One more rewind. Before any of this, Alex was a quiet kid bullied at school. His parents were fine until Glattis moved in. After she arrived, the parents went blank—sitting, staring, obeying. Glattis told Alex not to mention her or the “resting.” She’d snap a twig over a bowl of water, ring a bell, and the parents would stab their own faces with forks until she dropped the twig in the bowl. Alex cooked soup and fed them. She said she was sick and the parents were supposed to help but it wasn’t working anymore. She needed something from each of Alex’s classmates. Alex stole the name tags from their cubbies. Glattis spat into a bowl, burned the tags, rang the bell. At 2:17 a.m., the classmates walked out of their homes and filed into Alex’s house.

When police interest rose, Glattis put makeup on the father and told officers he’d had a stroke. She made Alex clean up and unpaper the windows for inspections. She cut the kids’ hair to push them into hiding in the woods, then brought them back and kept feeding them along with the parents. One afternoon Alex came home and saw Paul and James inside the house. Glattis said they were leaving town tomorrow. She laid down salt lines and told Alex not to cross them. The parents stood guard on her door.

Justine and Archer arrived and saw Paul step out and wave, then go back inside. They followed him. Justine broke a salt line without knowing. James attacked Archer. Archer beat him, but James kept getting up like pain didn’t apply. Paul hunted Justine into the kitchen. She hit him with a pan, then cut his cheek with a peeler. He didn’t react except to keep choking her. She got his gun and shot him in the neck. Black fluid came out. He stayed on his feet, so she shot him in the head. He finally went down. She went to the basement and shot James too.

Upstairs, Alex ignored the shouting, crossed Glattis’s salt line on purpose, which released his parents. They chased him. He wove room to room until he reached Glattis’s space, grabbed one of her twigs, smeared his blood on it, and wrapped a hair from Justine’s wig around it. He broke the twig. That flipped the board.
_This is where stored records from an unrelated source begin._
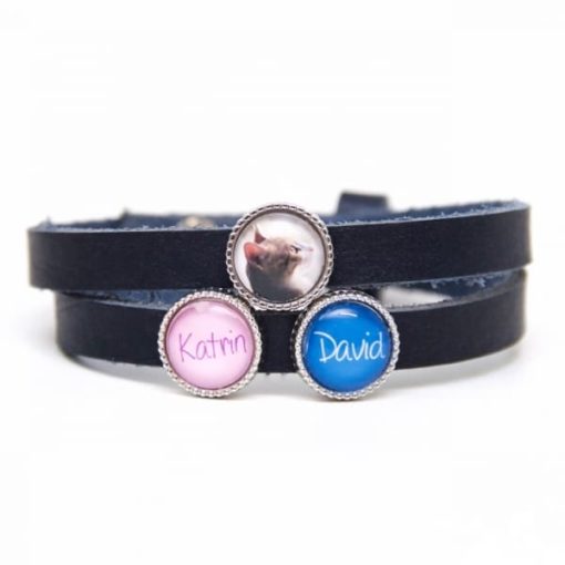 Wunderschönes zweifach gewickeltes Lederarmband mit 2 Schiebeperlen, deinem Wunsch-Text und ihrer Foto Schiebeperle.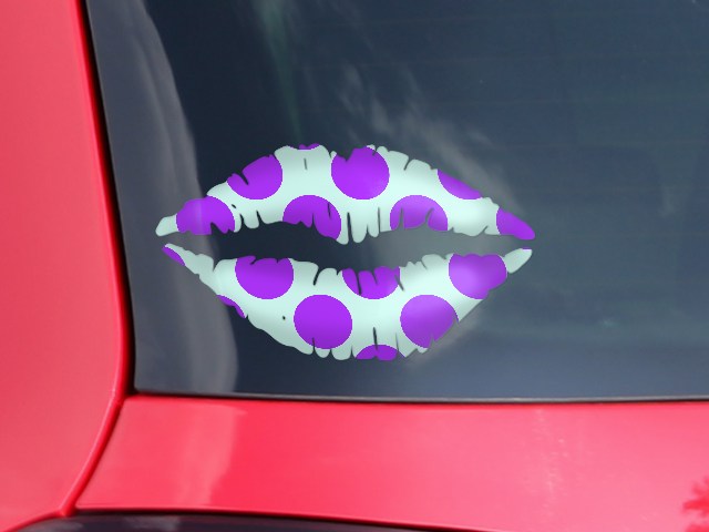 Lips Decal 9x5.5 Kearas Polka Dots Purple And Blue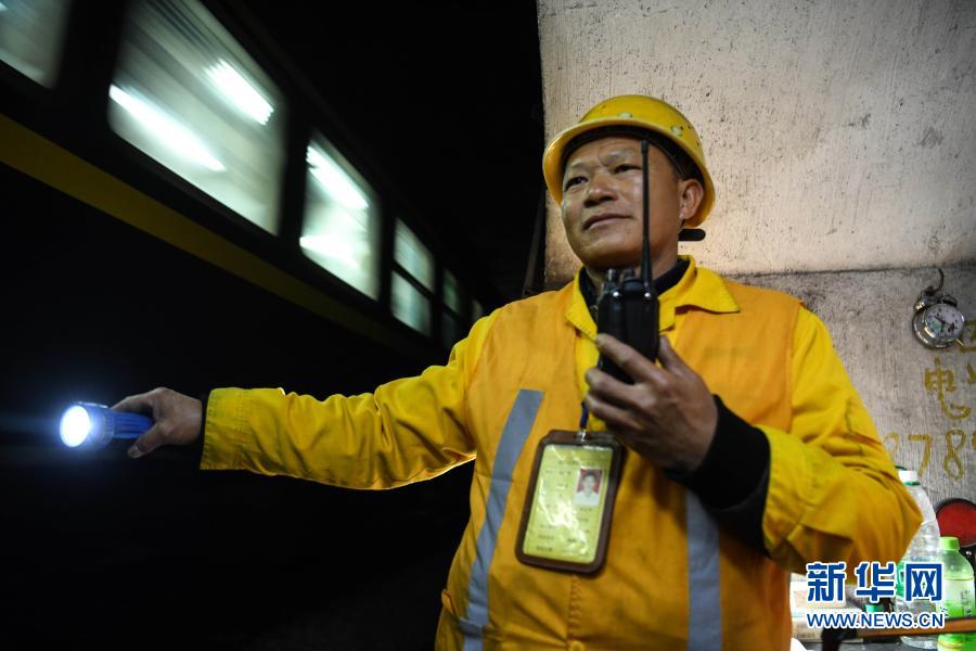 在廣西河池境內(nèi)黔桂鐵路線上的鄧山隧道,中國鐵路南寧局集團(tuán)有限公司柳州工務(wù)段的4名看守工輪換值班,依靠手電筒在黑暗中穿行,及時(shí)巡查隧道中可能出現(xiàn)的各種隱患,確保每天經(jīng)隧道運(yùn)行的59趟客貨列車春運(yùn)安全。鄧山隧道全長(zhǎng)773米,是一個(gè)需要人員全天候看守的鐵路隧道。

The children in the basement woke and swarmed toward Glattis. She ran out, cut through a neighbor’s house; they smashed through glass and followed her over fences. Neighbors watched it happen. A girl knocked Glattis down; the kids piled on and killed her with their hands.

With Glattis dead, the spell broke. Archer stopped trying to kill Justine. Alex’s parents came back to themselves. Justine went upstairs and found Alex hugging them.